|M.Sc Student||Roitman Sheila|
|Subject||Biodiversity of Marine Viruses Carrying Photosystem I Genes|
|Department||Department of Biology||Supervisor||Professor Oded Beja|
|Full Thesis text|
Marine photosynthesis is largely driven by cyanobacteria, mainly Synechococcus and Prochlorococcus. Cyanophages can alter cyanobacterial populations, affecting the global carbon cycle and oxygen supply. During the infection some phages express unique metabolic genes which might interfere with the host ongoing metabolism. Genes encoding for photosystem II (PSII) and I (PSI) reaction center proteins are found in cyanophages and are believed to increase their fitness, possibly by being involved in the cyanobacterial photosynthesis. PSI genes in phages are arranged in two known gene cassettes, psaJF→C→A→B→K→E→D and psaD→C→A→B. The shared genes between these cassettes and their encoded proteins are distinguished by %G and protein sequence, respectively. The data on the psaD→C→A→B gene organization is scarce and was obtained from two Global Ocean Sampling (GOS) stations only, in the Pacific and Indian Oceans. We wanted to expand our knowledge regarding the biodiversity of the phages carrying PSI genes and understand the differences between both viral PSI cassettes and their possible hosts. We conducted a targeted screening search using PCR on viral concentrates and a comprehensive bioinformatic search in six metagenomic datasets. We surveyed 370 marine stations, resulting in new positive stations for viral-PSI genes in the Pacific, Indian and Atlantic Oceans.
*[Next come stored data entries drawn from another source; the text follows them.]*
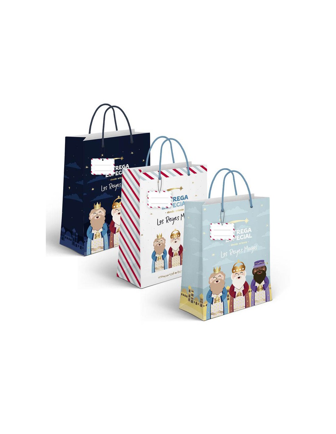 Bolsa de papel con un original y divertido diseño estampado por ambos lados de los Reyes Magos y sobre ellos la frase ¨entrega especial¨.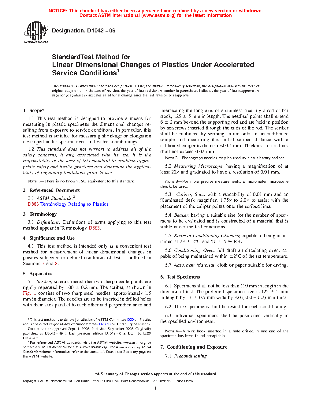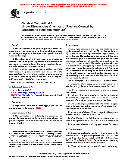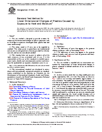 1.1 This test method is designed to provide a means for measuring in plastic specimens the dimensional changes such as shrinkage or expansion, developed under specific heat and water conditionings.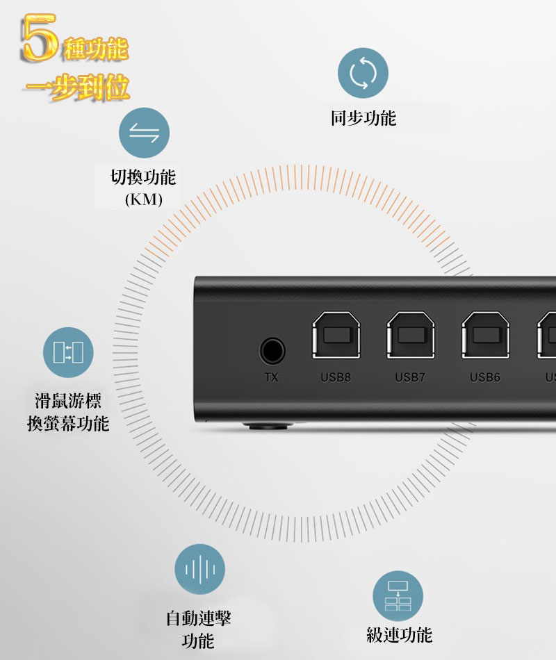 / 8埠 USB KVM 同步控制器 升級/打寶 八台電腦 同步操作一進八出 鍵盤滑鼠 同步器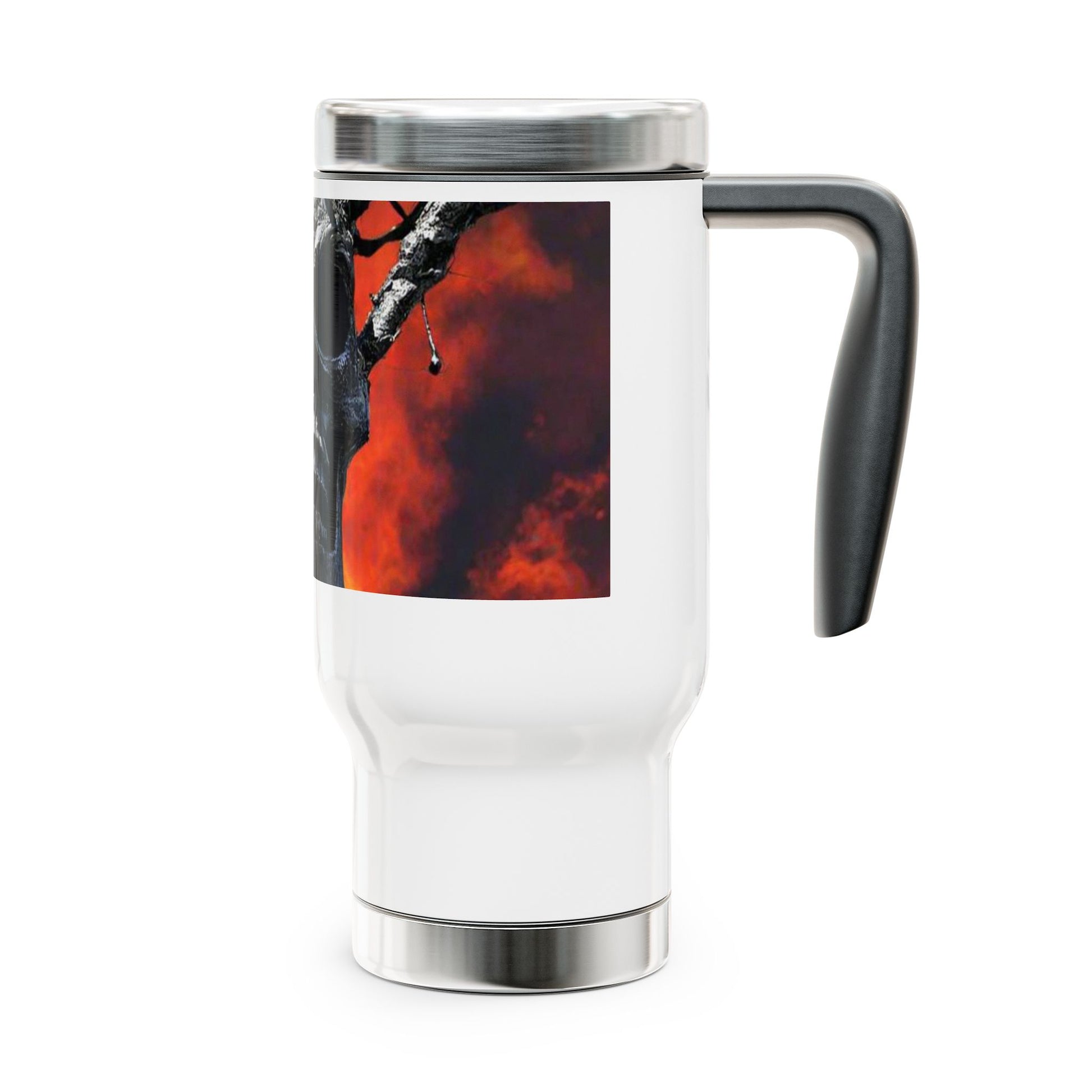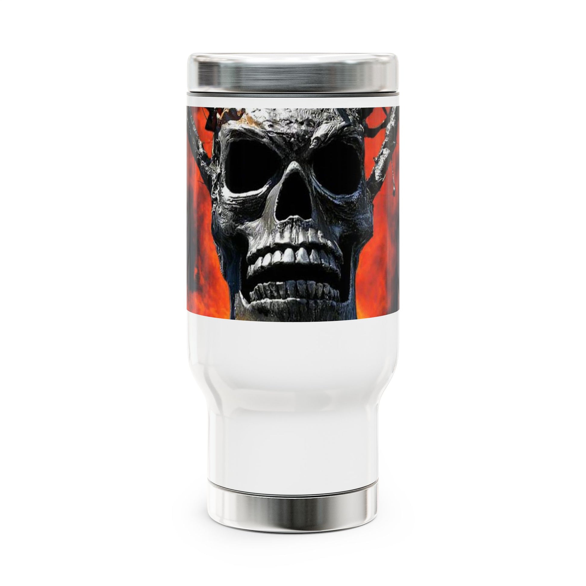 Skull Warrior Inferno Stare - Stainless Steel Travel Mug with Handle, 14oz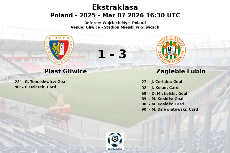 La segunda mitad vio al Zaglebie Lubin tomar la delantera con un gol de D. Michalski al minuto 69. Ya en los últimos compases del encuentro, M. Kosidis sentenció el partido al minuto 89, sellando la victoria para el equipo visitante. El partido fue dirigido por el árbitro Wojciech Myc.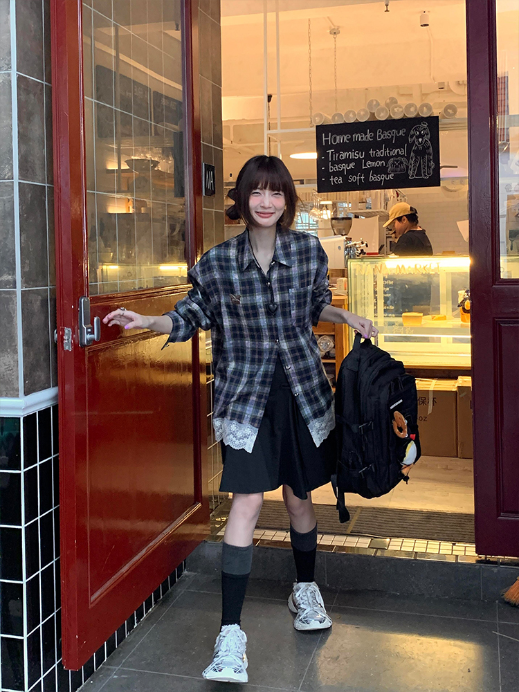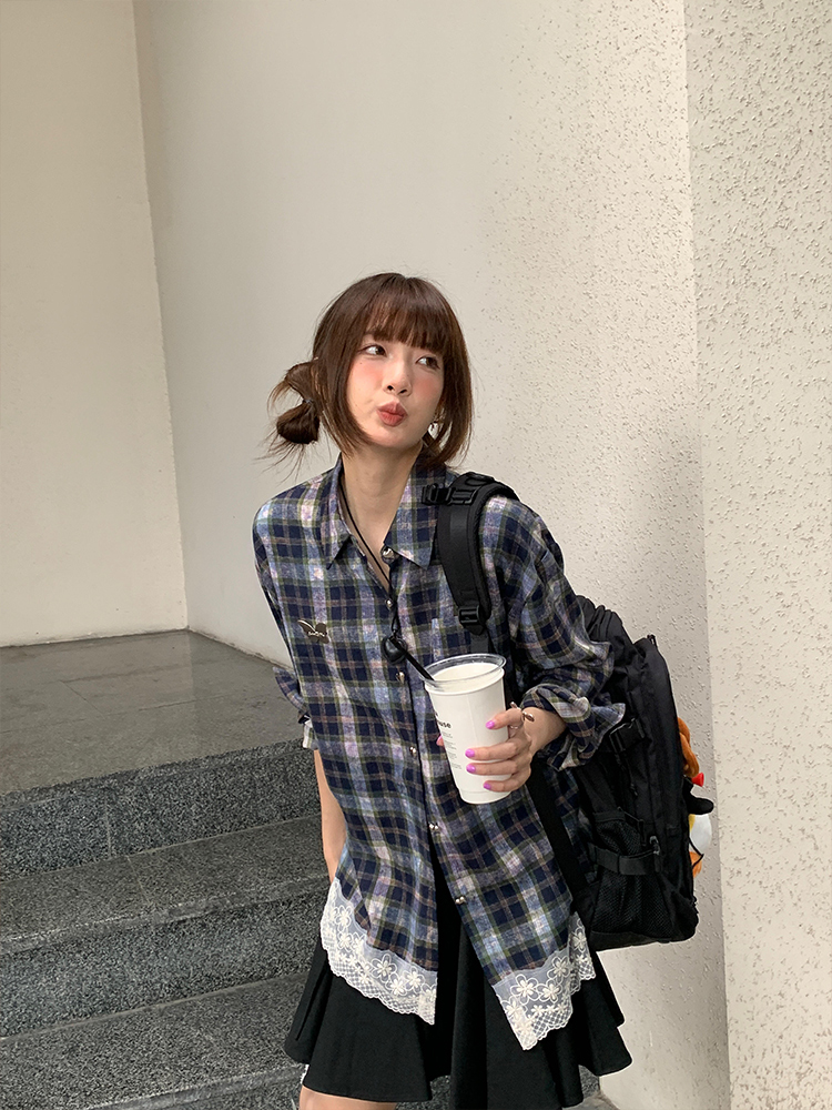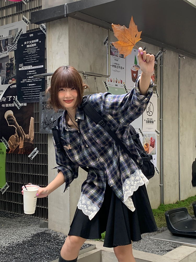 Elevate your autumn wardrobe with our Vintage American Plaid Long Sleeve Lace Spliced Shirt, designed for the eccentric spicy girl! This loose-fit top features a unique lace splice detail that adds a touch of femininity to the classic plaid pattern, creating a slimming silhouette perfect for any occasion. Embrace comfort and style as you step out in confidence add this must-have piece to your cart and make a bold fashion statement today!
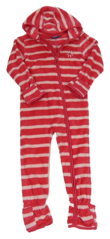 Ružová pruhovaná plyšová kombinéza s kapucňou Lupilu

The stations containing the psaD→C→A→B gene arrangement (as well as the longer gene arrangement) are confined to a strip along the equator (± 30o). According to our metagenomic findings, viral photosynthetic genes are found solely in the two previously described cassettes and might belong to phages from the Myoviridae family. In addition, we succeeded in filling the partially assembled psaD→C→A→B cassette sequence. Protein structure modeling of both viral PsaA show structural differences, the psaD→C→A→B PsaA protein being more similar to Synechococcus. We propose that phages carrying PSI genes in the psaD→C→A→B cassette might infect Synechococcus or low light (LL) clade IV Prochlorococcus which have a similar protein structure and inhabit the oceans between 30⁰N, 30⁰S.